Yukky Brown Stuff

Yes, I mean poo.
Sorry to harp on about it, but it is a serious life issue for me right now.
I have a 2-year-old who's poo's are ready to be toilet-trained. I don't care if the little man himself is not ready, his poo's most definitely are because they're becoming large, unweildy, and are making me feel mighty pukey when I have to change them.
Have any of you other mummy-ducks been lead into toilet-training by the poo itself, rather than the old "you'll know when your child is ready" story?
So we've tried stickers as a reward - "if you do a poo you can have the BIG firetruck sticker". This was obviously not a strong enough reward as, yes, we had our first PIP (Poo In the Potty) with it, but consequently three in the nappy after.
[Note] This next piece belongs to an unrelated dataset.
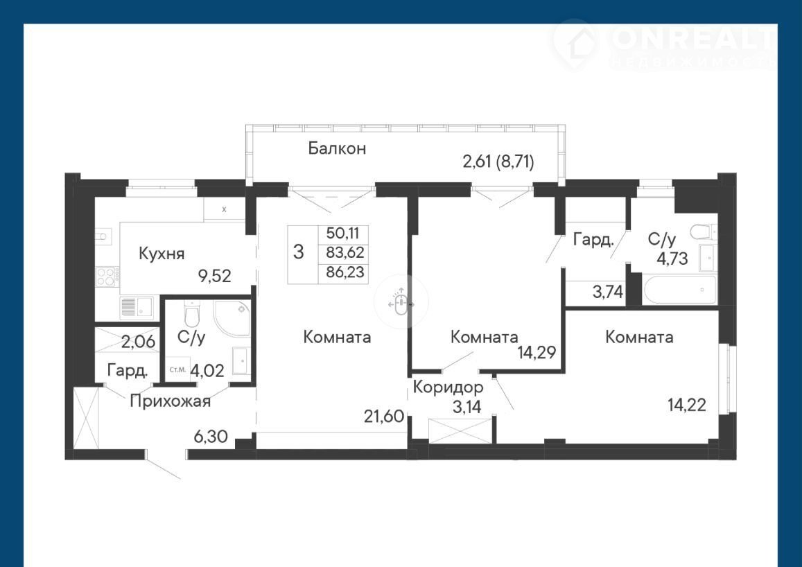 Общая площадь 86.2 м2

Today we're trying the treat of watching his favourite TV show or DVD. I think this could be a good treat as we have spent most of the morning sitting on the potty with a nappy off, chatting about which TV show or DVD he will watch (oh, and the rubbish truck as it's rubbish day). But no poo, just lots of chatter.
Then later in the day, after one such episode of chatter, I set up to feed the baby; everything's serilised, mooshed up and ready to go...
"Potty Mummy!!!!". Up I jump - poor baby's left with his mouth open and empty - we race to the potty and whip off the nappy, only to see it scrape down his leg, all over my hands, all over the potty (no, not in it) and all over the floor.
MID-poo is far worse than NAPPY-poo I have decided.
Perhaps I will go back to what the experts say, and wait til he's ready.